You will need an Apple Developer account to publish to the Apple App Store.

1. Install and set up Termux

Termux is a terminal emulator for Android. ShipThis runs as a command line tool, so Termux is how you will run it on your phone.

Download Termux from the Play Store, then open it and run:

termux-setup-storage grants Termux access to your device's shared storage. Accept the permission prompt when it appears. Once that is done, mkdir /sdcard/GodotProjects creates a shared folder that both Termux and the Godot Android editor can access.

note

/sdcard is a standard Android path that exists on all devices. On phones without a physical SD card slot it maps to emulated internal storage at /storage/emulated/0.

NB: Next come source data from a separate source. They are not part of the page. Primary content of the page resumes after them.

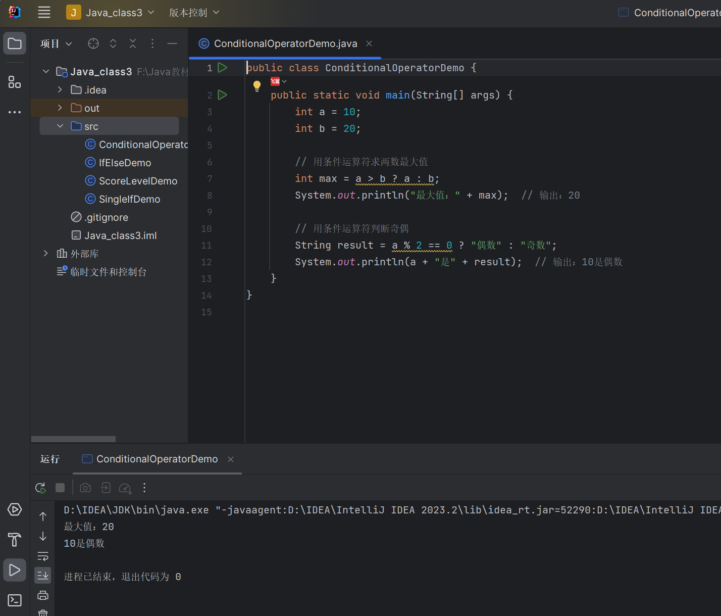 结果变量 = 条件表达式 ? 表达式1 : 表达式2;true,结果为表达式 1 的值;否则为表达式 2 的值示例代码:
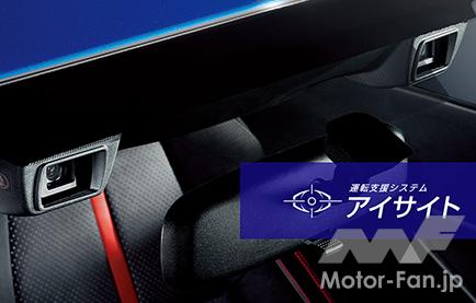 今回SUBARU BRZ改良モデル(日本仕様車)に採用されるMT車向けアイサイトは、SUBARU BRZのオートマチックトランスミッション車向けのアイサイトをベースに、プリクラッシュブレーキや追従機能付きクルーズコントロール、車線逸脱・ふらつき警報機能、先行車発進お知らせ機能、後方ソナー警報機能のクリアランスソナーを装備。アイサイトの高い衝突回避、衝突被害軽減、運転負荷軽減の各性能へMT車の特性に合わせた制御を施し、リアルワールドの幅広いシーンでの安定した動作を実現、運転する愉しさと安心が高い次元で両立されている。
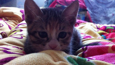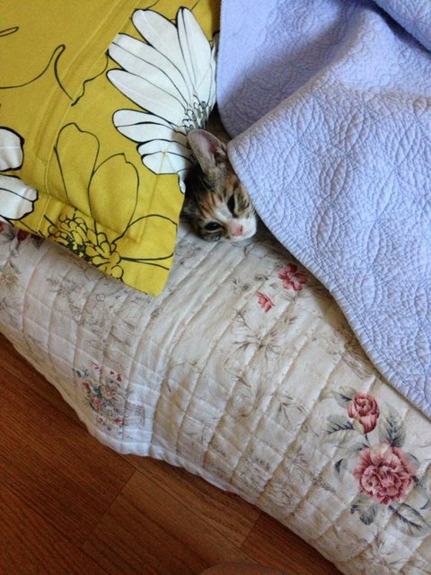 이불 속에서 꼬물꼬물 거리길래 뭐하나 이불 들쳐봤더니 저렇게 이쁜 표정 짓고 있었어요.^^
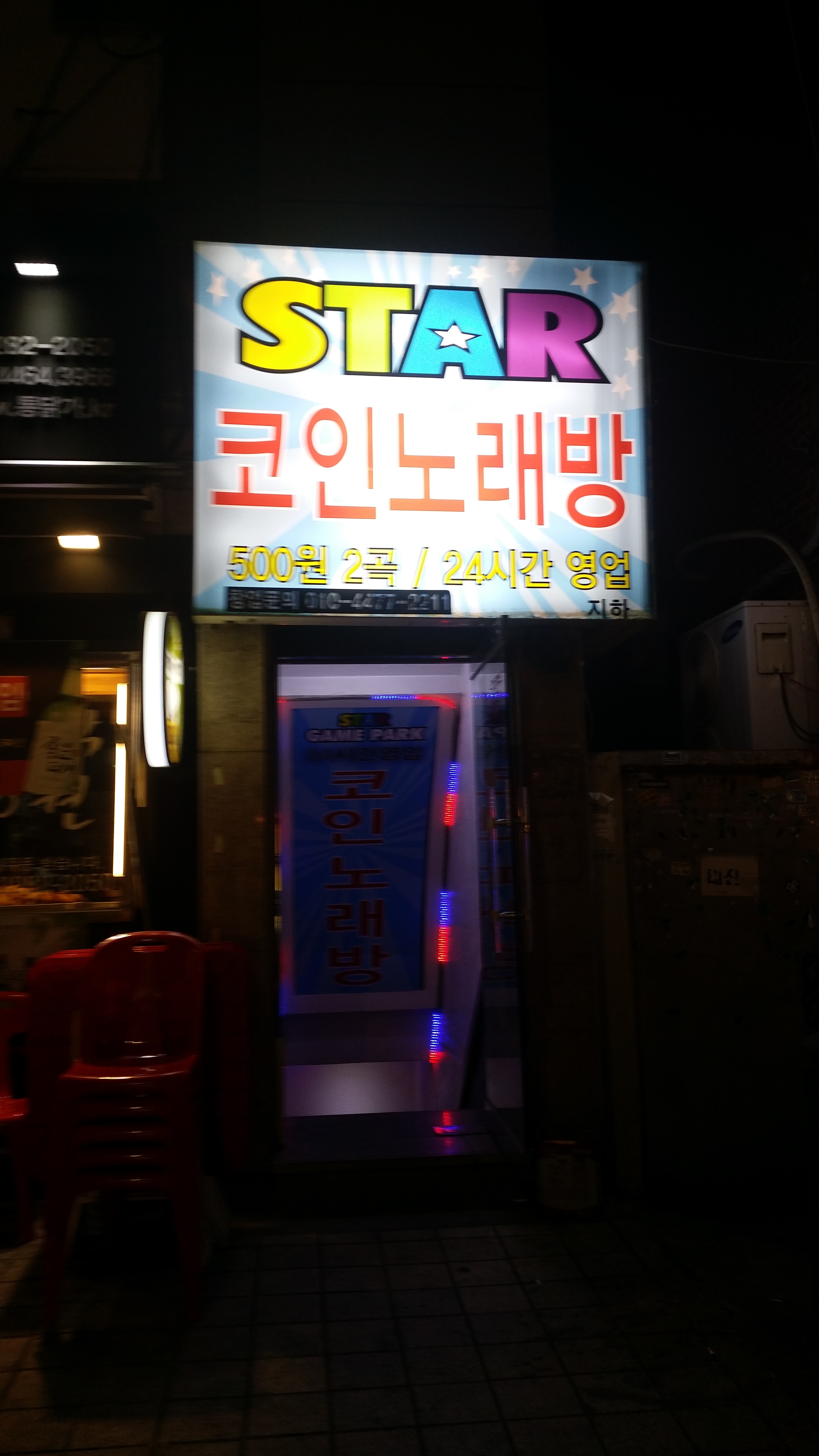 It is cheap enough to sing alone. Price is 500 Won for two songs. And in coin karaoke room you can sing just two songs or even more if you please. You can stop by to sing a few songs. It is so small that maybe just two or three could enter in one box. If you want enter with three friends (if four people enter in a box) I won’t dissuade you. If you want to play with many friends in a large room, I recommend normal karaoke rooms. Coin karaoke room is so popular that many people are waiting in line. I know two coin karaoke room in Wangsimni. Star coin karaoke room has 12 rooms, and Wara coin karaoke room has 14 rooms. The quality of the facilities are almost the same.
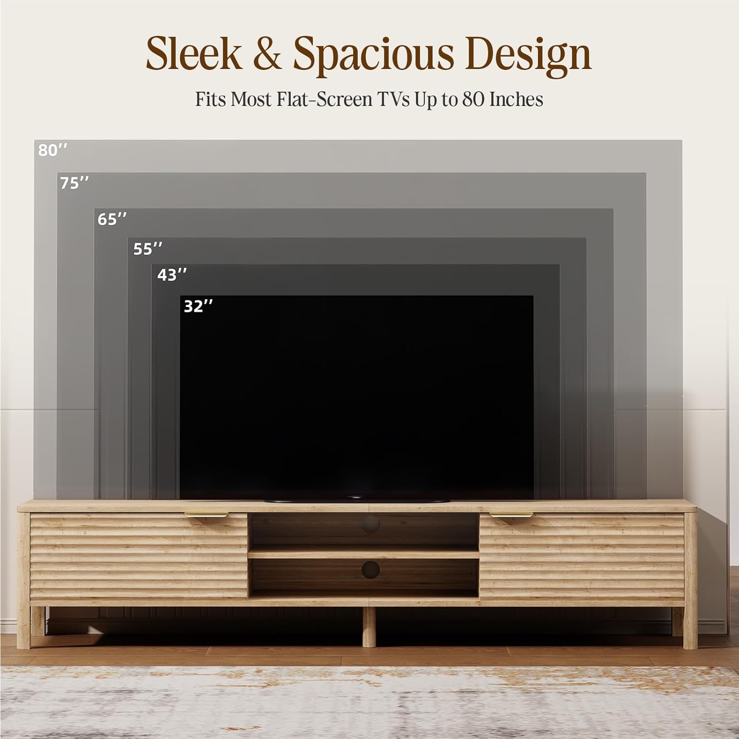 - Compatible with TVs up to 80 Inches: Designed for televisions 80" and under, with a sturdy top surface for secure placement. The open layout easily accommodates media devices and sound system
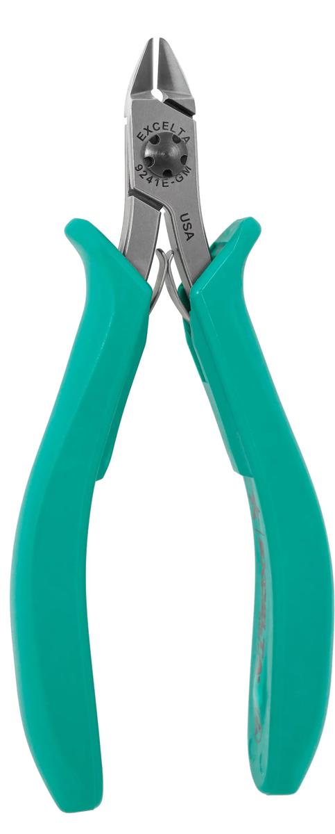 The 9241E-GM Lazer Line® medium oval optimum flush cutter has a cutting capacity of .005" - .040" soft wire. It is made of carbon tool steel with induction hardened cutting blades to RHC 63-65. The CNC machining allows the joint surfaces to be perfect to allow for long life. The dual leaf springs provide smooth action. The Anti-Static grips are ergonomically molded and have a surface resistivity of 10¹⁰ ohms/sq.
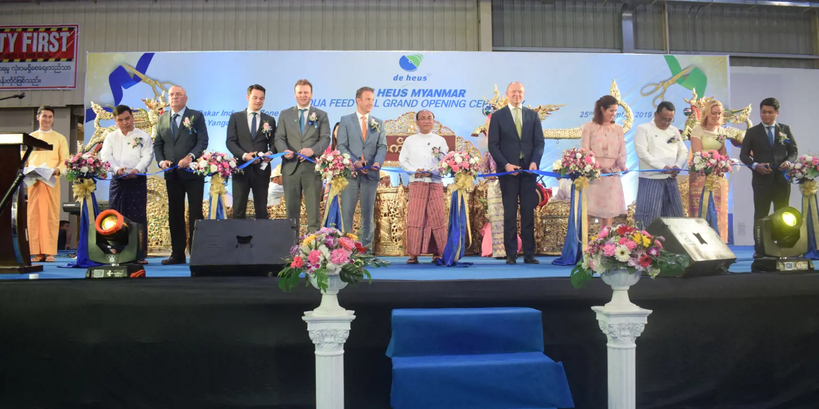 No dia 25 de Novembro de 2019, a De Heus Mianmar celebrou a abertura de uma fábrica de rações dedicada à aquacultura nesse país asiático. Este moderno local de produção permitirá que os produtores de aquacultura tenham acesso às rações de alta qualidade necessárias ao desenvolvimento das suas explorações a preços acessíveis.
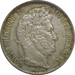 5フラン。ルイ・フィリップ1世、月桂冠。18年間、王位につきましたが、1848年の二月革命で退位し、その後、第2共和政が樹立されます。7月王政。ストラスブールミント。 |
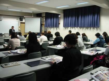 1校約20分で,1日12校。2日間で24校の私立高校の先生方に高校のお話をしていただきました。
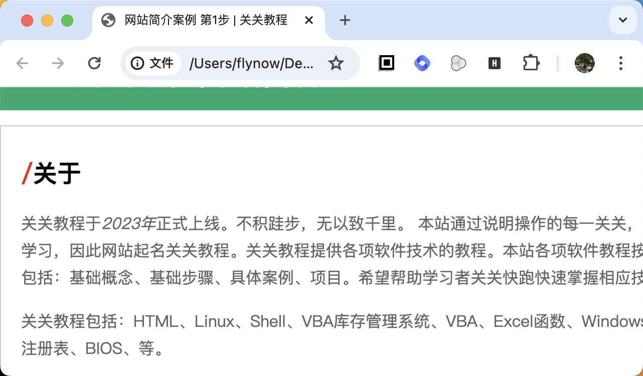 实际页面请点击 网站简介案例 第5步:关于区实现 。
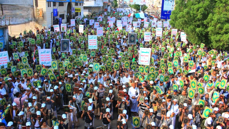 مسيرات مليونية غاضبة في 317 ساحة بالحديدة نصرة للقرآن وفلسطين
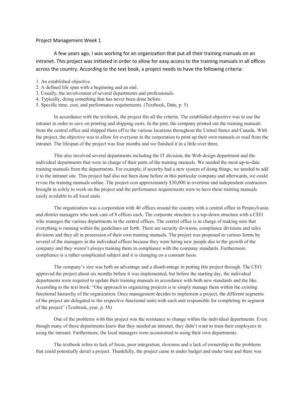 An Example Of Textbook Project Management
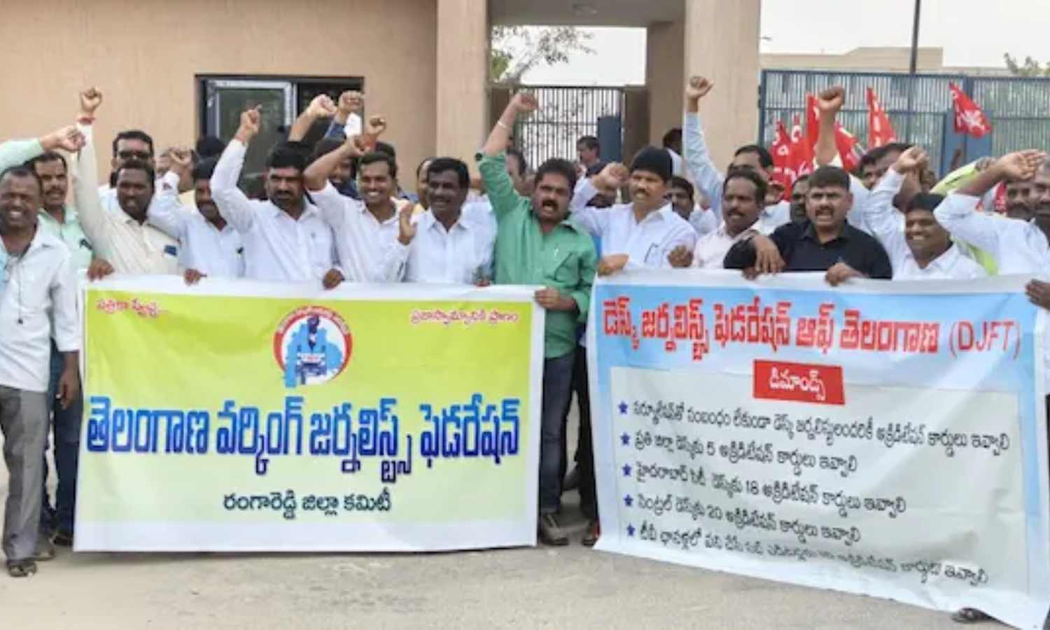 Hyderabad: Journalist associations staged an accreditation cards protest in the city, demanding that the state government increase the number of cards for desk journalists and issue them to all eligible media personnel.
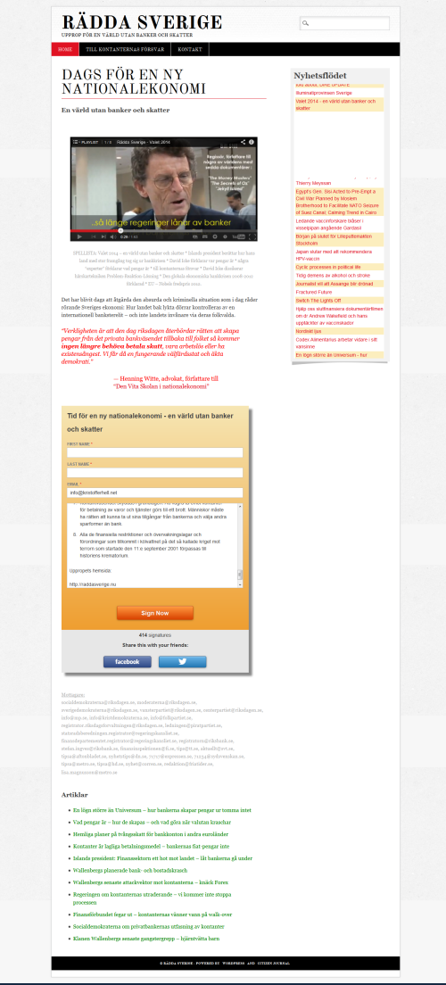 Uppropet låg initialt på den här sajten, blueshift.nu. Den flyttade senare över till raddasverige.nu, som under ett par år var blueshifts aktivitsportal – online uppropen var fler än krav på kontanternas skydd.
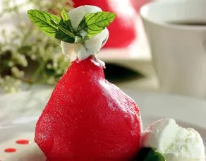 Yeşil çayı su ile demleyin. Daha sonra tencereye çayın suyunu ve tanelerini aktarın. Toz şekeri ilave edin. Toz şeker eridiğinde kabuklarını temizlediğiniz elmaları tencereye yerleştirin. Karanfilleri de suya atarak pişmeye bırakın. Arada kontrol ederek elmalar piştiğinde ocağın altını kapatın. Elmaları sudan alarak soğuk veya ılık olarak muhallebi ve vişne ile birlikte servis yapın.
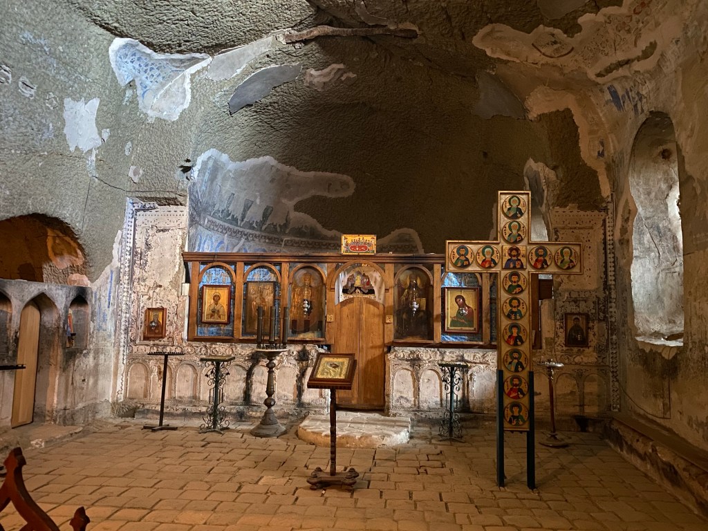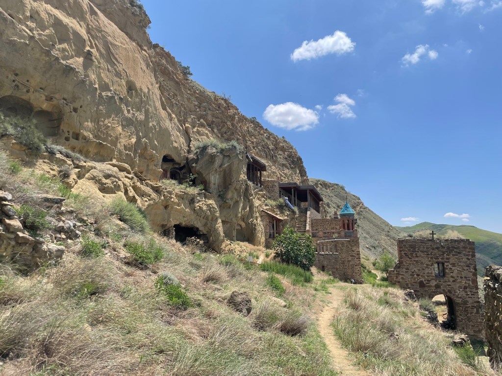 Die letzte Kulturstation war der Klosterkomplex David Gareji, der eigentlich aus mehreren Klöstern besteht, von denen sich einige auch auf dem Gebiet des heutigen Azerbaijans befinden. Auch das Kloster vorher gehört formell dazu. Der Hauptkomplex entstand ab dem 6. Jahrhundert, auch wenn schon weit vorher Menschen hier gewohnt haben.
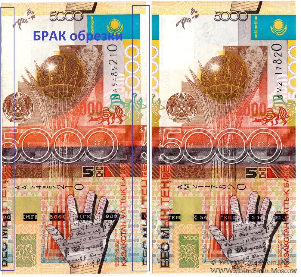 Выпуск 2006 г. Серия "Байтерек" (2006). БРАК обрезки (съехал лист); ошибка в слове БАНКІ ("К" с хвостиком). Серия АА. Подпись - А.Сайденов. Национальный банк Казахстана (Қазақстан Ұлттық Банкі).
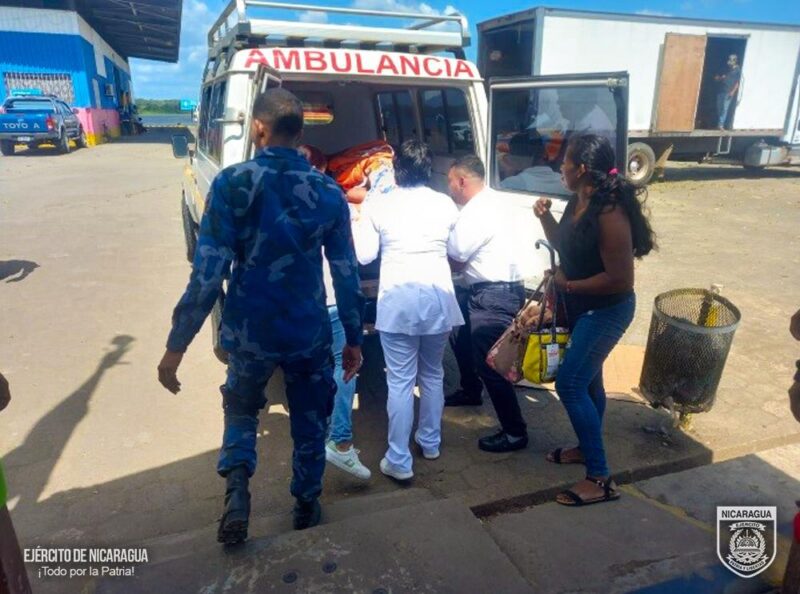 El Ejército de Nicaragua consecuente con el lema de que “ Somos el Pueblo mismo uniformado trabajando en su propio beneficio ” , el 13 de marzo de 2024, a través del Destacamento Naval de Aguas Interiores “Comandante Hilario Sánchez Vásquez”, en coordinación con el Sistema Local de Atención Integral en Salud (SILAIS), realizó traslado vía lacustre de la ciudadana nicaragüense María Auxiliadora García Cerda de 24 años de edad, quien presentó complicaciones de salud, el traslado se realizó desde el archipiélago de Solentiname hacia el puerto del municipio de San Carlos, departamento de Río San Juan.

2. Install Node.js and ShipThis

Termux uses pkg as its package manager. Install Node.js, then install ShipThis globally via npm:

3. Install the Godot Android Editor

The Godot Android Editor is a full version of the Godot editor that runs natively on Android.

Download Godot Engine 4 from the Play Store.

4. Download a sample project

If you do not have a Godot project ready, you can download a sample game from the Godot Asset Library.

Open Godot and go to the Asset Library Projects tab. Search for Dodge The Creeps and select it.


When Godot asks where to save the project, set the path to /sdcard/GodotProjects/. This is the folder we created in step 1, and it is accessible from both Godot and Termux.

5. Run the ShipThis iOS wizard

In Termux, navigate to your project folder, log in to ShipThis, then run the iOS wizard:

The wizard will walk you through all of the steps required to build and publish an iOS game. See Set up iOS for a full breakdown of what it does.

6. Ship it

The shipthis game ship command uploads your game to the ShipThis build server, which exports it for iOS, signs it with your certificate, and uploads the result to TestFlight.

The --follow flag streams the build log to your terminal as it runs.

7. View your build in TestFlight

Once the build completes, open App Store Connect and navigate to TestFlight. Your build will appear there ready for testing.